Work required: From the line below containing "The Ty-D-Bol stain" to the final line, print each line exactly as written. No pictures belong in the copy.

[Saved data entries]
• • • •

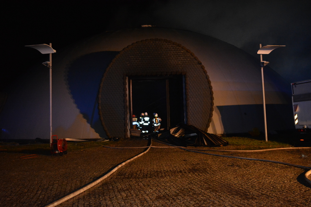 Po przybyciu na miejsce zdarzenia i przeprowadzeniu rozpoznania stwierdzono objęty pożarem w całości budynek kopuły na terenie kompleksu obiektów Alvernia Planet. Ogień wydostawał się z jednej bramy wjazdowej oraz poprzez otwory wentylacyjne i klapy oddymiające zlokalizowane w szczycie sklepienia kopuły. Uzyskano informację, że z kopuły objętej pożarem ewakuowały się wszystkie osoby. Pożar ugaszono przy pomocy 4 prądów wody. W działaniach brało udział 26 zastępów Państwowej Straży Pożarnej i Ochotniczej Straży Pożarnej z terenu powiatu chrzanowskiego i krakowskiego wraz z Grupą Operacyjna Komendanta Powiatowego PSP w Chrzanowie i Oficerem Operacyjnym Komendanta Wojewódzkiego Państwowej Straży Pożarnej w Krakowie.
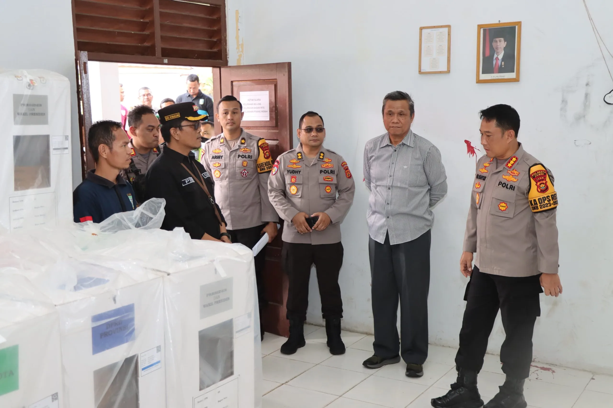 DETAIL.ID, Jambi – Pengecekan dan monitoring gudang logistik tingkat PPK di sejumlah kecamatan dalam Kota Jambi pasca pemungutan dan penghitungan suara pemilu 2024 dalam rangka Operasi Mantap Brata (OMB) 2023-2024, Jum’at 16 Februari 2024.
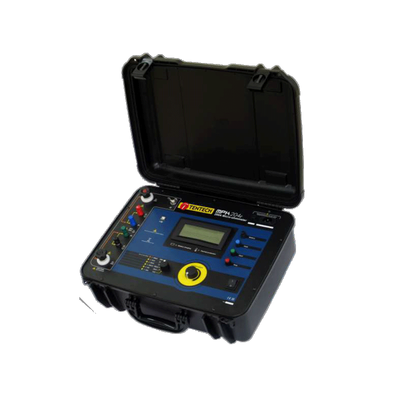 The MPK204e high current micro-ohmmeter is a portable, microprocessor-controlled instrument, used to accurately measure very low contact resistances of breakers and switches, busbars, transformers winding and engines, etc, with test currents from 1 mA to 200 A.
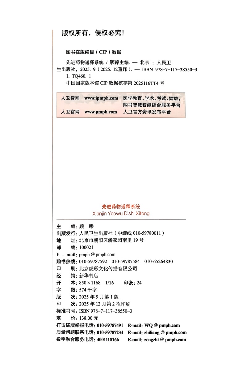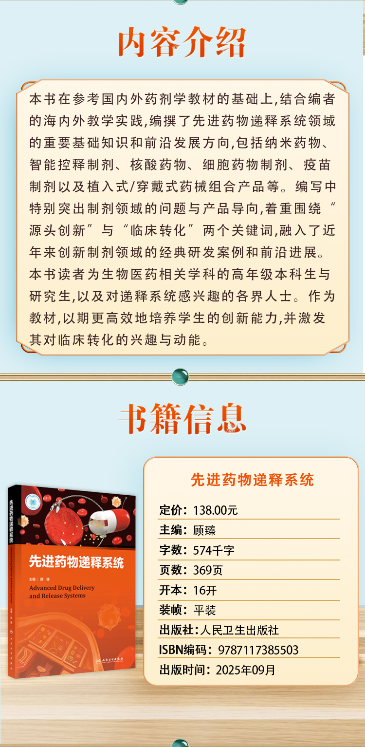 先进药物递释系统 顾臻 主编 内源响应性药物递释系统 外源响应性药物递释系统 口服药物递释系统 9787117385503 人民卫生出版社
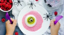 Sie kennen die aktuellen Vorlieben am besten. Fragen Sie beispielsweise ihre Geister-Fans: „Wie könntest du aus diesem Teller ein Gespenst machen? Welche Farbe hat das Gespenst? Hat es Augen?“
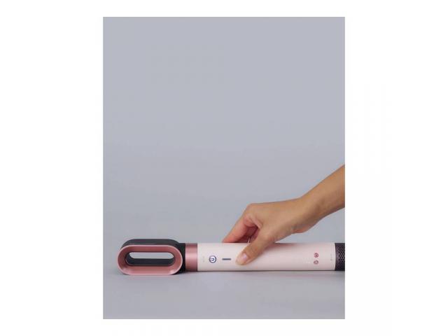 — u elegantnoj kombinaciji Ceramic Pink / Rose Gold — predstavlja najnoviju generaciju Dysonovih multi-stilizatora s Coanda efektom. Ovaj uređaj kombinira brzo sušenje, uvijanje, uvijanje valova, izravnavanje, zaglađivanje i volumen u jednom uređaju — sve uz pažnju na zaštitu kose od previsoke topline. Motor Dyson Hyperdymium™ vrti se do 110.000 o/min i stvara dovoljan tlak za stvaranje Coanda efekta i dvostruko snažniji protok zraka. U odnosu na prethodne modele, Co-anda2x donosi pojačani protok zraka (2× zračnog tlaka) i inteligentne nastavke koji automatski prilagođavaju toplinu i protok zraka temeljem izabranog nastavka. CO-anda2x dizajniran je da bude lakši i manji, za bolju upravljivost i jednostavnije oblikovanje. Dvostruka snaga zraka (2× air pressure) – omogućuje snažniji zračni tok u odnosu na Airwrap i.d., čime postiže brže sušenje i bolji učinak oblikovanja. Inteligentni nastavci – uređaj automatski prilagođava optimalne postavke topline i protoka zraka za svaki nastavak. AirSmooth2x™ – novi nastavak za zaglađivanje (sličan mini izravnaču) koji koristi snažan protok zraka bez ploča za ravnanje (bez direktne ekstremne topline). Kompatibilnost s aplikacijom MyDyson™ – omogućuje bežično praćenje, prikaz trenutačnih postavki, pohranu omiljenih profila, vođene tutorijale i obavijesti o održavanju. Zaštita topline – Dyson kontrola topline i inteligentni sistemi osiguravaju da temperatura ne naraste previše i da ne dođe do oštećenja kose uslijed previsoke topline. Snaga: 1700W. Postavke: 4 topline, 3 brzine. Dužina kabela 2.0 m. Nastavci: 1. Nastavak za brzo sušenje 2x – kontrolira protok zraka veće brzine za brže sušenje. 2. AirSmooth2x – Upotrebljava protok zraka velike brzine kako bi pružio napetost potrebnu za oblikovanje ravnijih frizura – bez vrućih ploča 3. Okrugla Volumizirajuća četka 2x – stvara voluminozne frizure s manje neposlušnih vlasi. (mekana podloga) 4. Četka protiv zapetljavanja 2x –daje glađu završnu i bolje poravnatu frizuru 5. Cijev za kovrče Co-anda2x od 30mm – stvorite voluminozne kovrče i valove u oba smjera s pomoću jedne cijevi, 6. Cijev za kovrče Co-anda2x od 40mm – stvorite opuštene kovrče i valove u oba smjera s pomoću jedne cijevi.
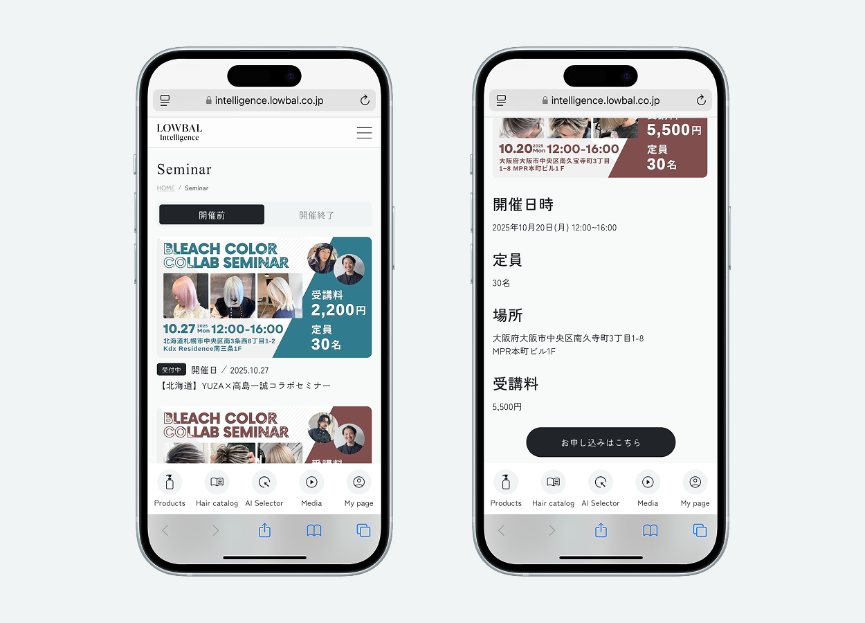 Seminar現在開催が決定している美容師様向けの技術セミナーの予定を一覧で確認でき、最新情報を逃すことなく把握することが可能です 。
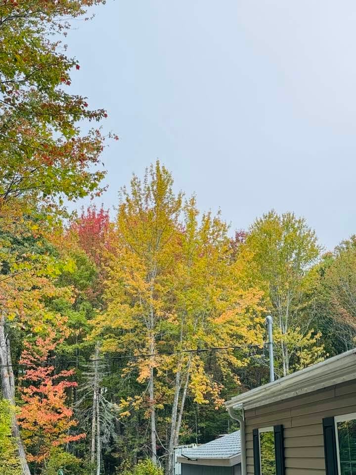 I leave the three outside, sliding door open go blow leaves off the front deck; they follow the noise, noses painting the latched glass door when they find me. Golds, reds, greens unseen from this perspective last year. I scrape cream cheese frosting from the plate, gather walnuts fallen from carrot cake. Sip hazelnut from my sunshine cup.
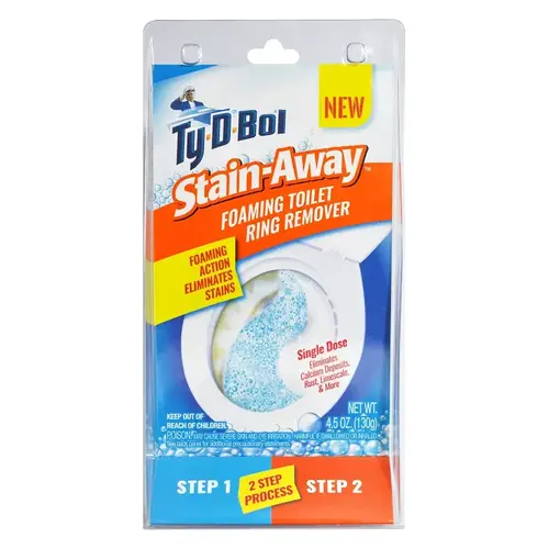 The Ty-D-Bol stain away foaming toilet ring remover provides high performing foaming action breaks down and removes existing, stubborn stains.
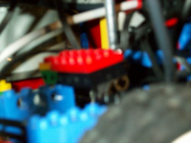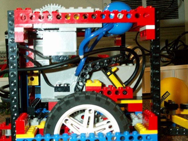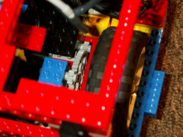 Here you can see all the wheels, the drive motors, and the 4x10 plate which provides a lower limit for the claw.
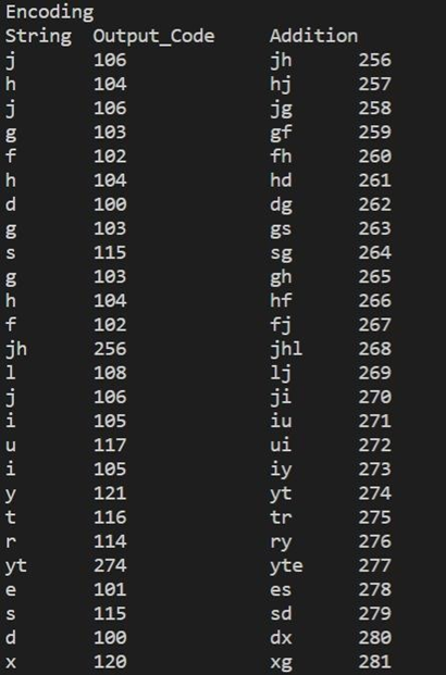 - Lempel-Ziv-Welch coding technique
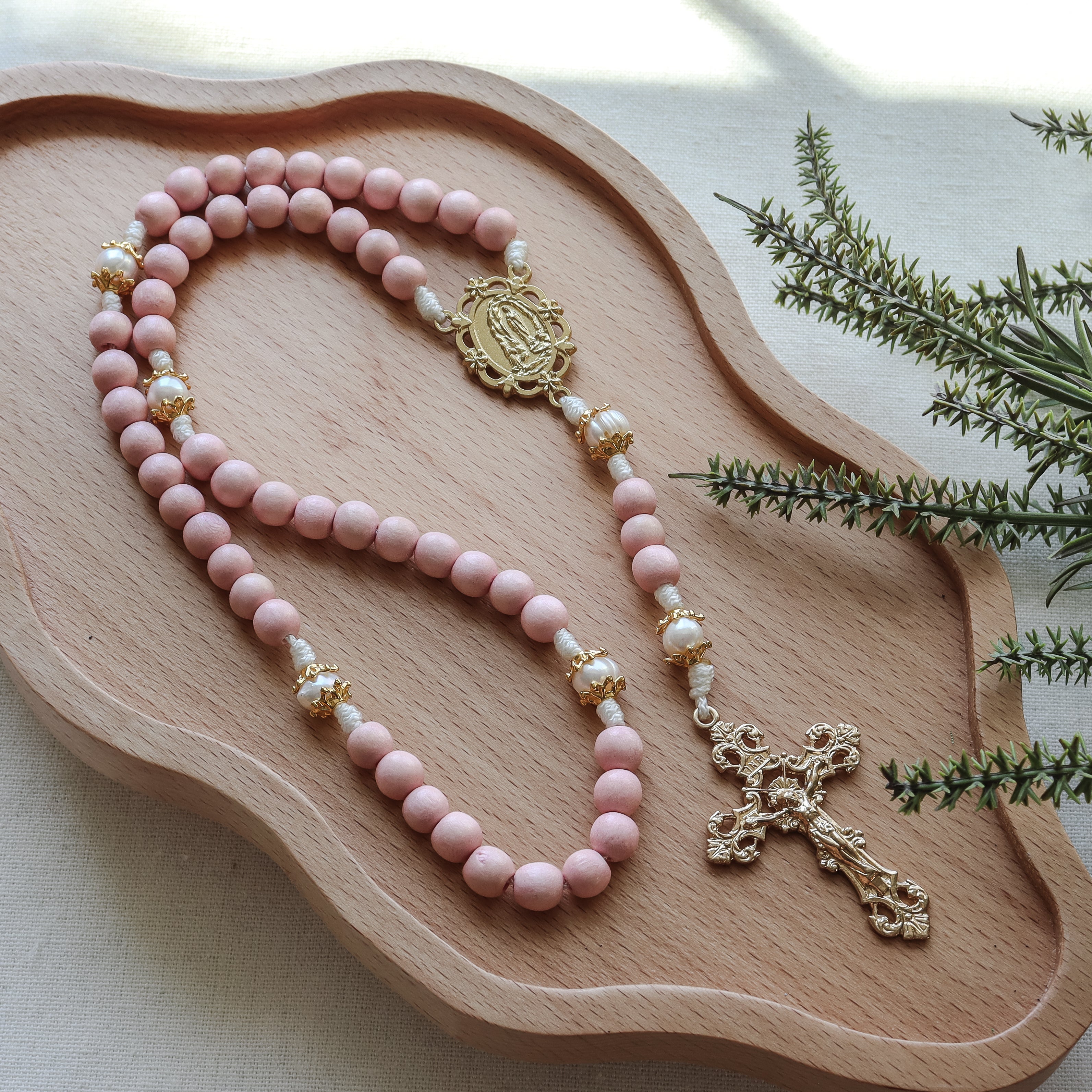This rosary is handmade for women who desire a prayer tool that feels meaningful and enduring. The gentle pink wood beads move easily through your fingers, while the freshwater pearls add a quiet beauty that makes each prayer feel intentional. Strong and thoughtfully designed, it’s made to accompany you through both joyful and challenging seasons of faith.

• • • •

Problem solution:
 The Ty-D-Bol stain away foaming toilet ring remover provides high performing foaming action breaks down and removes existing, stubborn stains.
 Here you can see all the wheels, the drive motors, and the 4x10 plate which provides a lower limit for the claw.
 - Lempel-Ziv-Welch coding technique
This rosary is handmade for women who desire a prayer tool that feels meaningful and enduring. The gentle pink wood beads move easily through your fingers, while the freshwater pearls add a quiet beauty that makes each prayer feel intentional. Strong and thoughtfully designed, it’s made to accompany you through both joyful and challenging seasons of faith.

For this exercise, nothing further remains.